> **Required work**
Please restate the listing word for word, omitting the images.

> **Given data**

━━━━━━━━

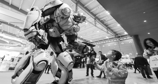 15日,2019长沙国际工程机械展览会在湖南长沙国际会展中心开幕,全球1000余家工程机械企业携新技术成果及新产品参展。图为在长沙国际工程机械展览会上,小朋友和机器人互动。
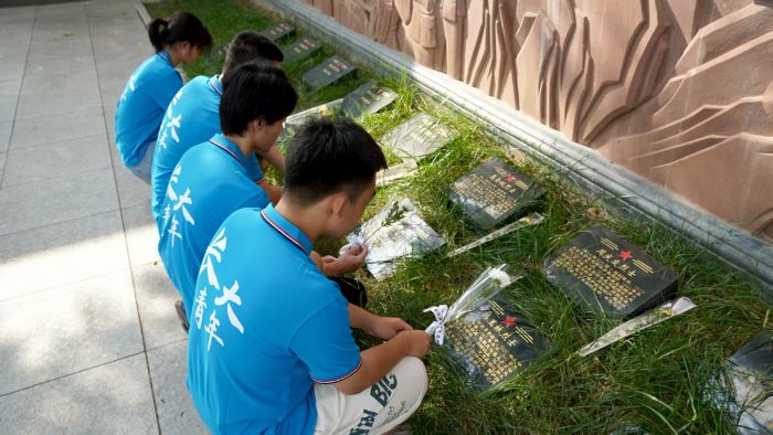 實踐團隊在烈士紀念碑前舉行悼念儀式并敬獻鮮花
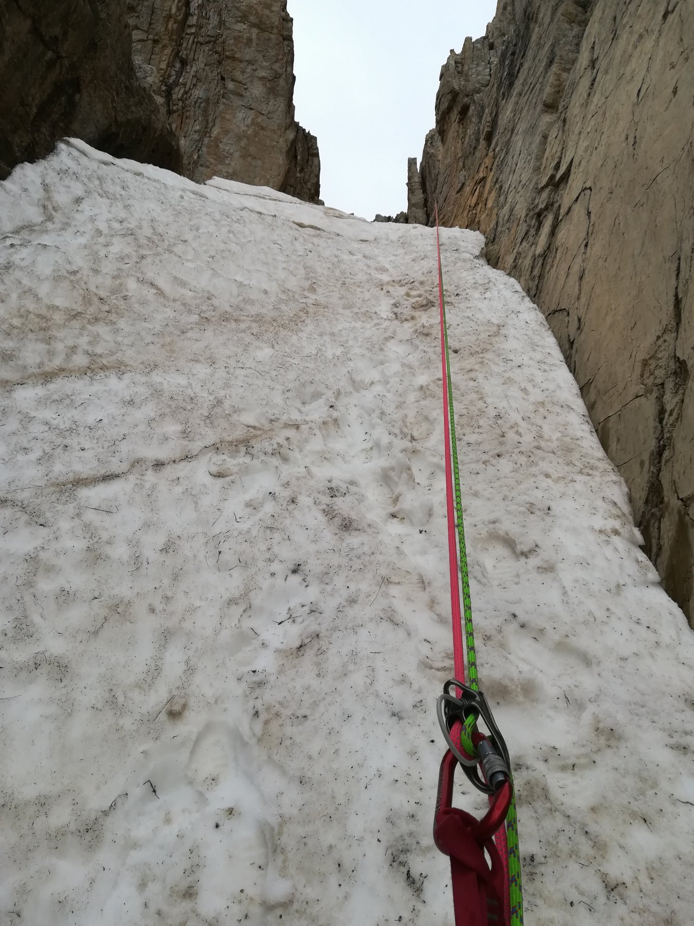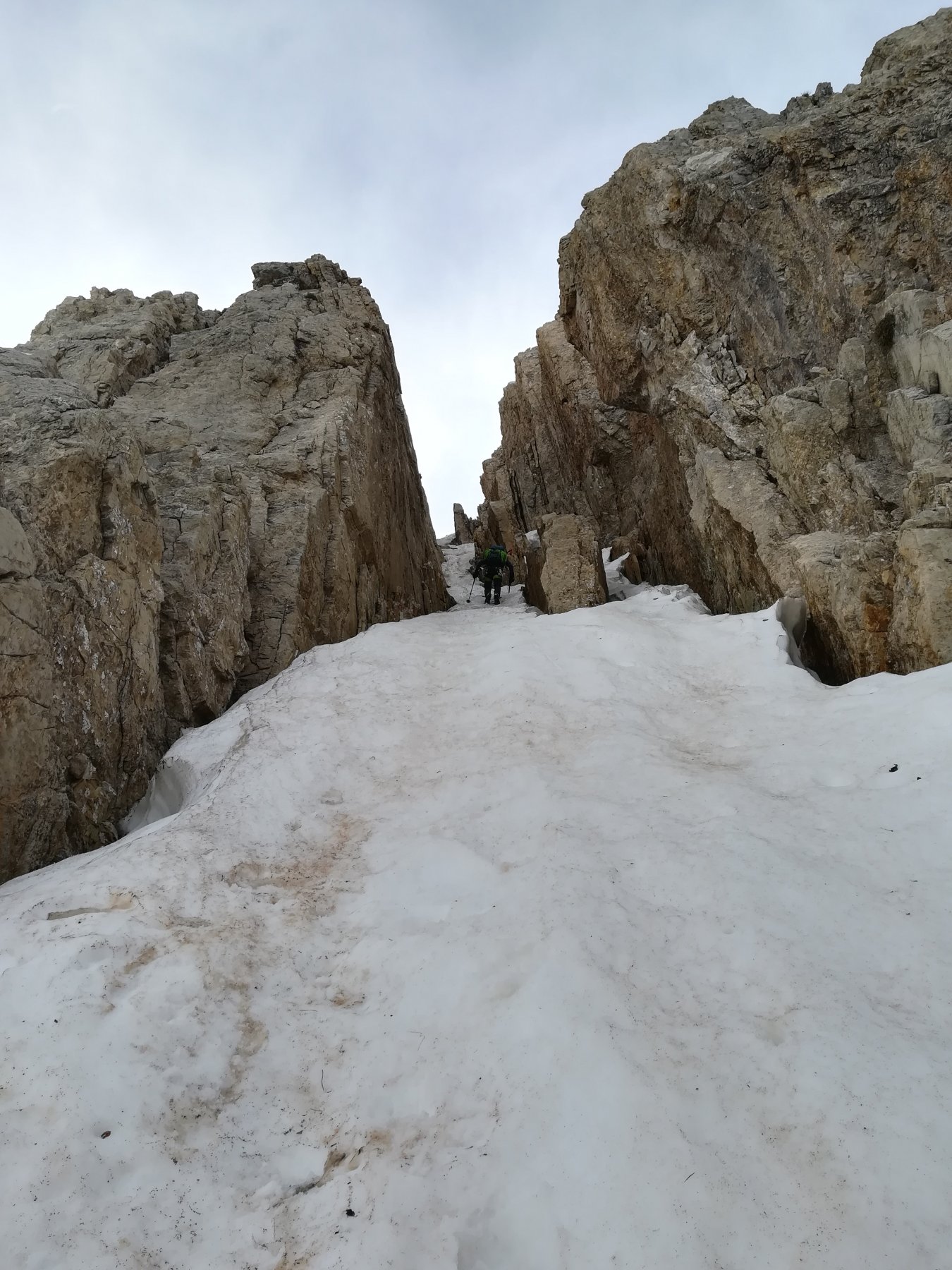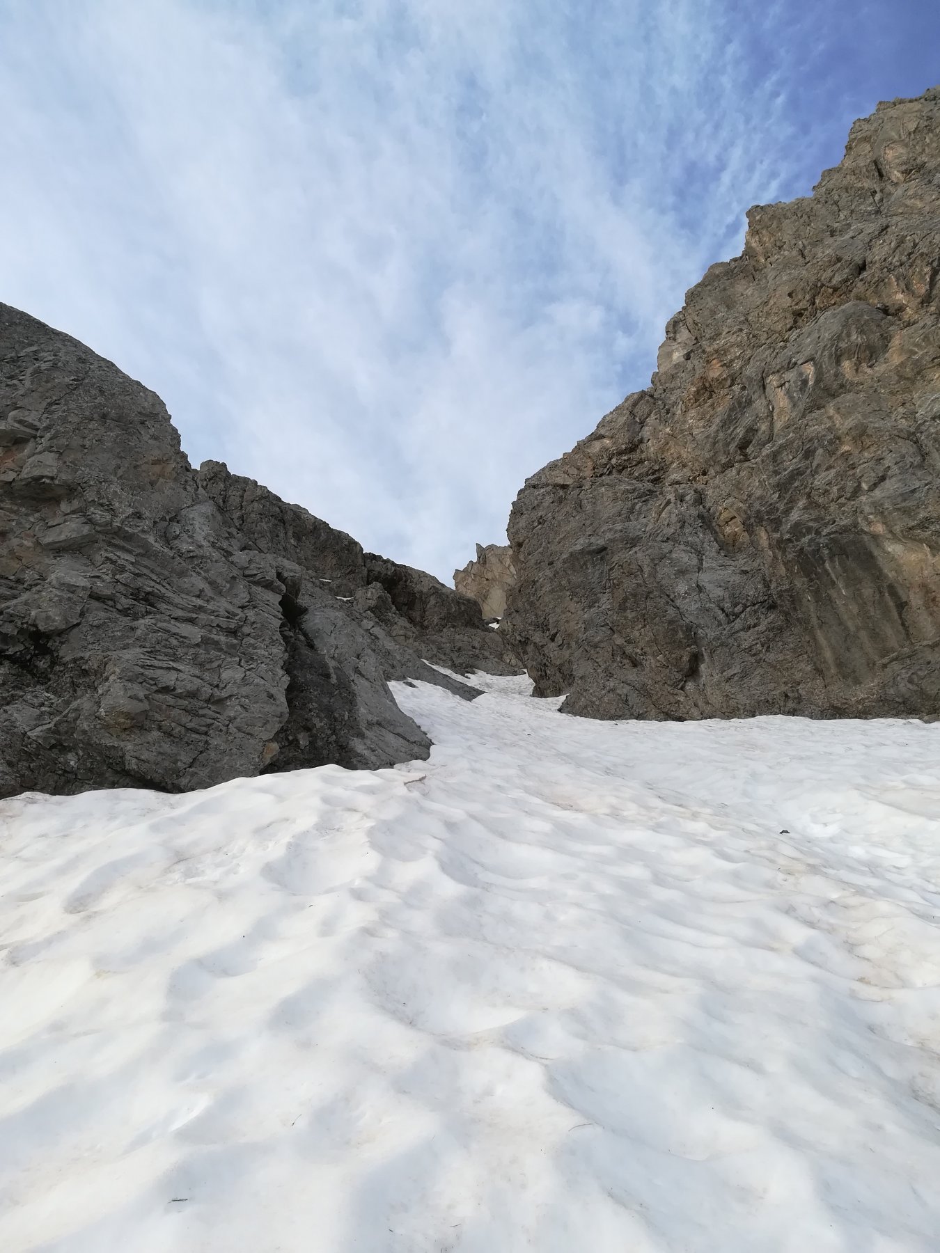 Saliti a piedi dal Pas Pordoi, un ora e tre quarti per arrivare alla forcella, all'uscita del canale c'è ancora un tratto innevato con corda…

━━━━━━━━

> **Answer space**
 15日,2019长沙国际工程机械展览会在湖南长沙国际会展中心开幕,全球1000余家工程机械企业携新技术成果及新产品参展。图为在长沙国际工程机械展览会上,小朋友和机器人互动。
 實踐團隊在烈士紀念碑前舉行悼念儀式并敬獻鮮花
 Saliti a piedi dal Pas Pordoi, un ora e tre quarti per arrivare alla forcella, all'uscita del canale c'è ancora un tratto innevato con corda…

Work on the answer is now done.